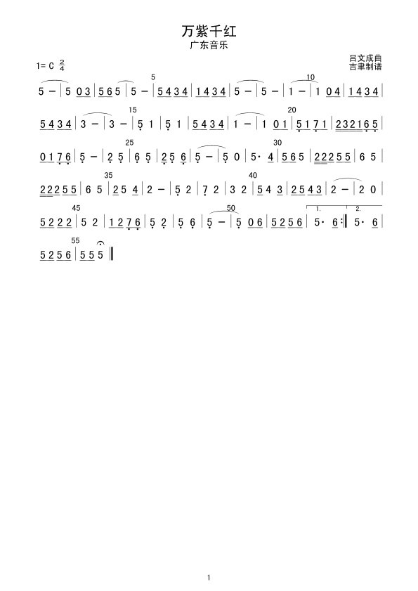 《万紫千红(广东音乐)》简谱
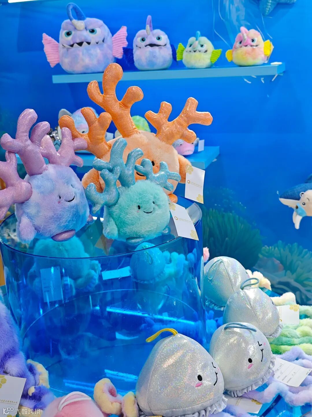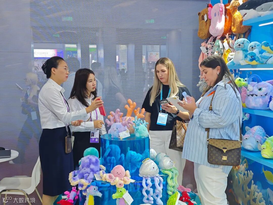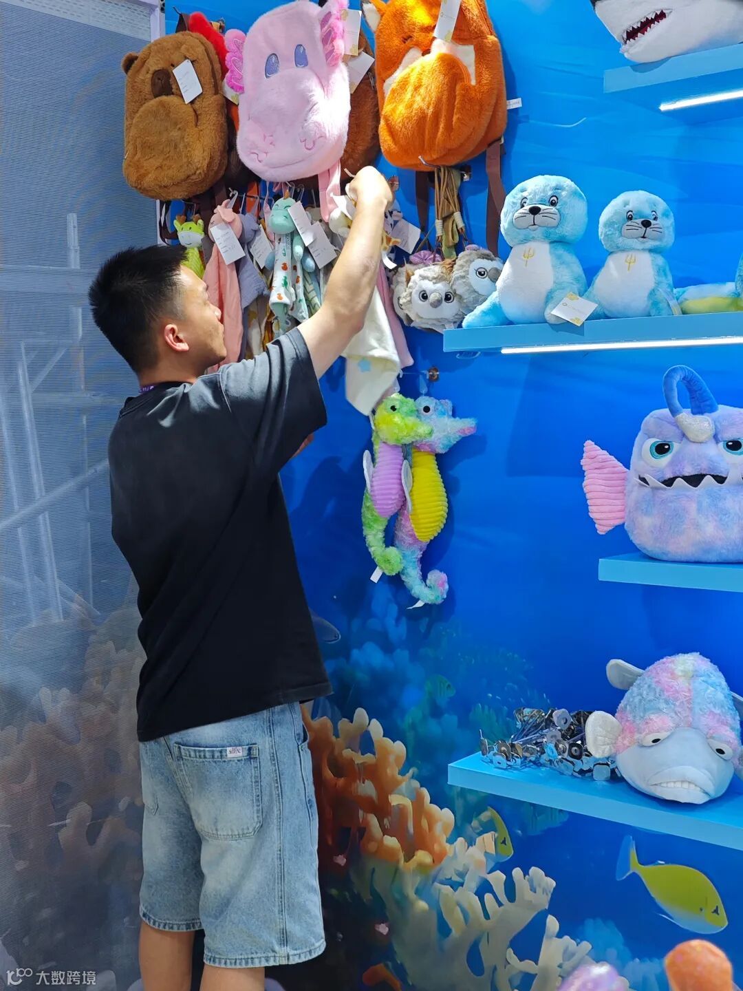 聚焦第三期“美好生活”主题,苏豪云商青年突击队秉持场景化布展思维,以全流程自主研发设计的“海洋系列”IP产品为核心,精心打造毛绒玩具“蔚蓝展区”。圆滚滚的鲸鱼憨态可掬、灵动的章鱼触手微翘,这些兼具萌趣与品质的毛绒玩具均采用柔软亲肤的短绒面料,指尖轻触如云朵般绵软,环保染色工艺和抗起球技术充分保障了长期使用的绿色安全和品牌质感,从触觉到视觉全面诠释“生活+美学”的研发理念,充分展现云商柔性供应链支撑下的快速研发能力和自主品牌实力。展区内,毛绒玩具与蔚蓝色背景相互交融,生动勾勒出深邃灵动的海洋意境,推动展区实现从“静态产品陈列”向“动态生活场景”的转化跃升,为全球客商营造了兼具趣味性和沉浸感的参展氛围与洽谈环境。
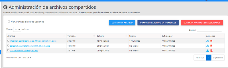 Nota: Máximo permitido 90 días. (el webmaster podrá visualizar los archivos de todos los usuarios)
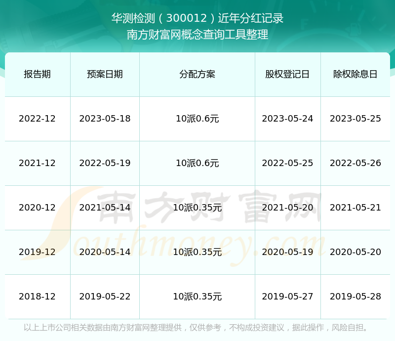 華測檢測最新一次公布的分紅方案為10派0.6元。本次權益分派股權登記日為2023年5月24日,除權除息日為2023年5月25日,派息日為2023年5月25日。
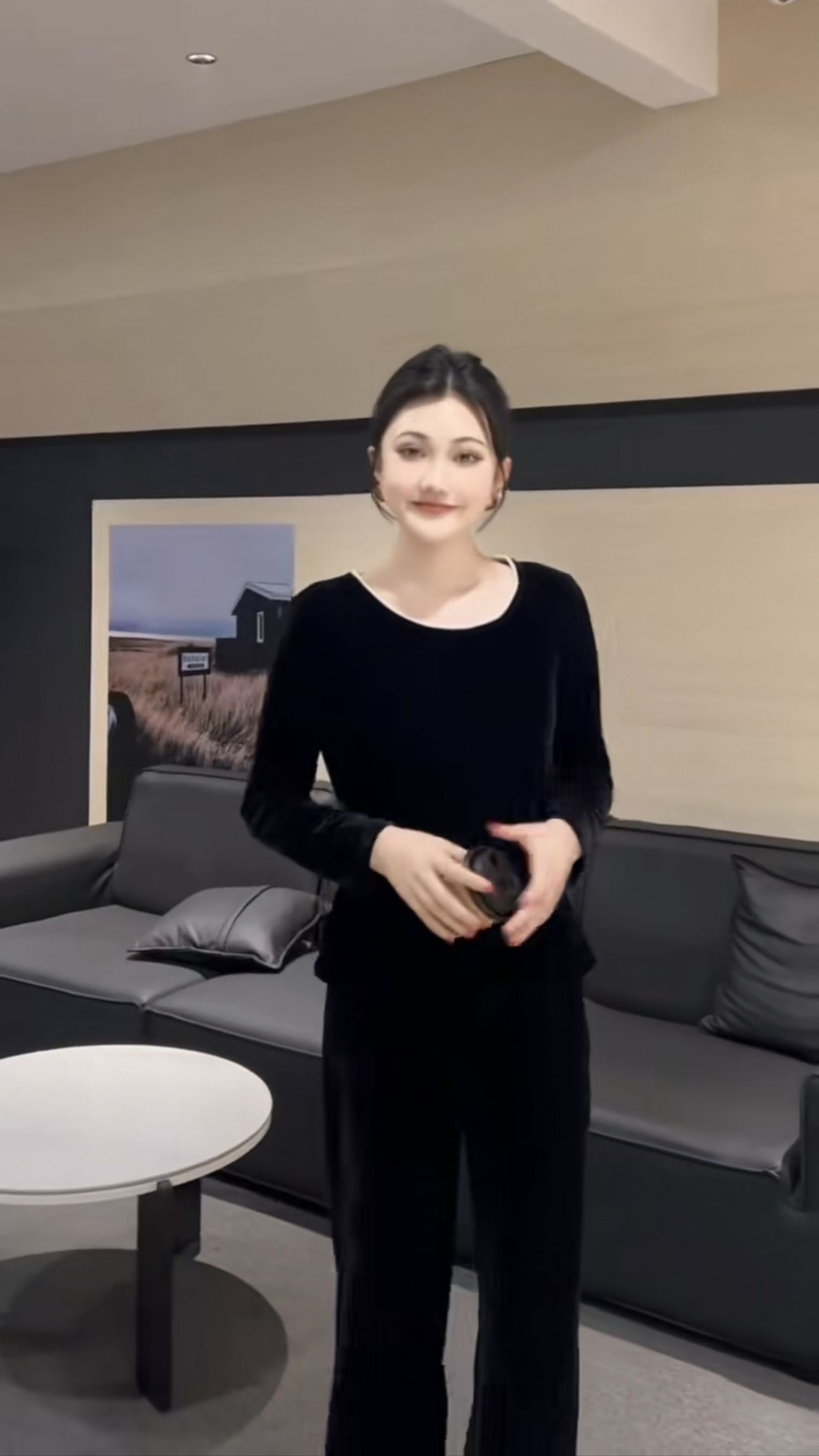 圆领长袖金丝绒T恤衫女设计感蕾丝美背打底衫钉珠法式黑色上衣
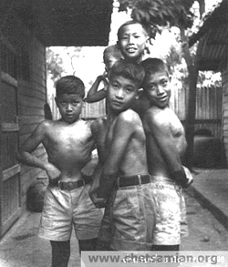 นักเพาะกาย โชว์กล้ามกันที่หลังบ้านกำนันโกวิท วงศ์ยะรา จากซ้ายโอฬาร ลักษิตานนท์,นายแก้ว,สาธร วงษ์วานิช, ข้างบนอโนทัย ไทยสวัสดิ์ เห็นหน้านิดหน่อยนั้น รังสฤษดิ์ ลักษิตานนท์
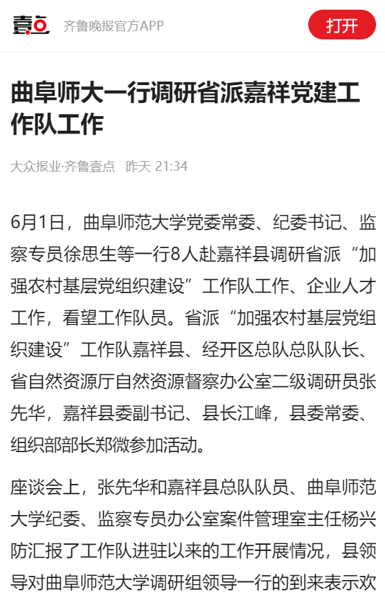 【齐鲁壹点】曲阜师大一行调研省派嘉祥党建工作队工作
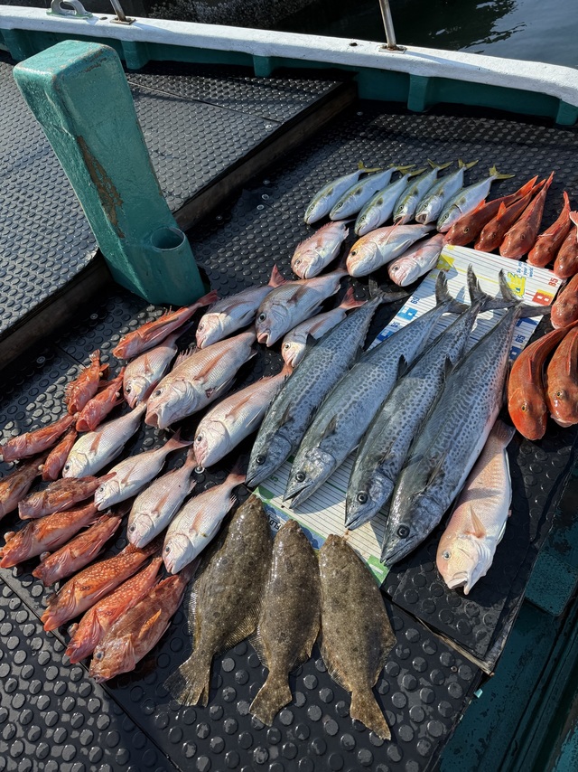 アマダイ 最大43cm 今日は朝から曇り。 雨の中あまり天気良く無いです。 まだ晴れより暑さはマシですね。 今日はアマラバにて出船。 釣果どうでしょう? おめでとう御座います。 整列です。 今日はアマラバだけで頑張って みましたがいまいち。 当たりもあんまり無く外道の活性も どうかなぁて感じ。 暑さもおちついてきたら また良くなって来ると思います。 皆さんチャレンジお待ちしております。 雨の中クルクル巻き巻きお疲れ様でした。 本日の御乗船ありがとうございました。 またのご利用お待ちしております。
..............................
Problem to work on
Look back at the data above, then output exactly the lines from the line holding "Nota: Máximo permitido" up to and including the line holding "圆领长袖金丝绒T恤衫女设计感蕾丝美背打底衫钉珠法式黑色上衣". Leave out the pictures.

Task response
 Nota: Máximo permitido 90 días. (el webmaster podrá visualizar los archivos de todos los usuarios)
 華測檢測最新一次公布的分紅方案為10派0.6元。本次權益分派股權登記日為2023年5月24日,除權除息日為2023年5月25日,派息日為2023年5月25日。
 圆领长袖金丝绒T恤衫女设计感蕾丝美背打底衫钉珠法式黑色上衣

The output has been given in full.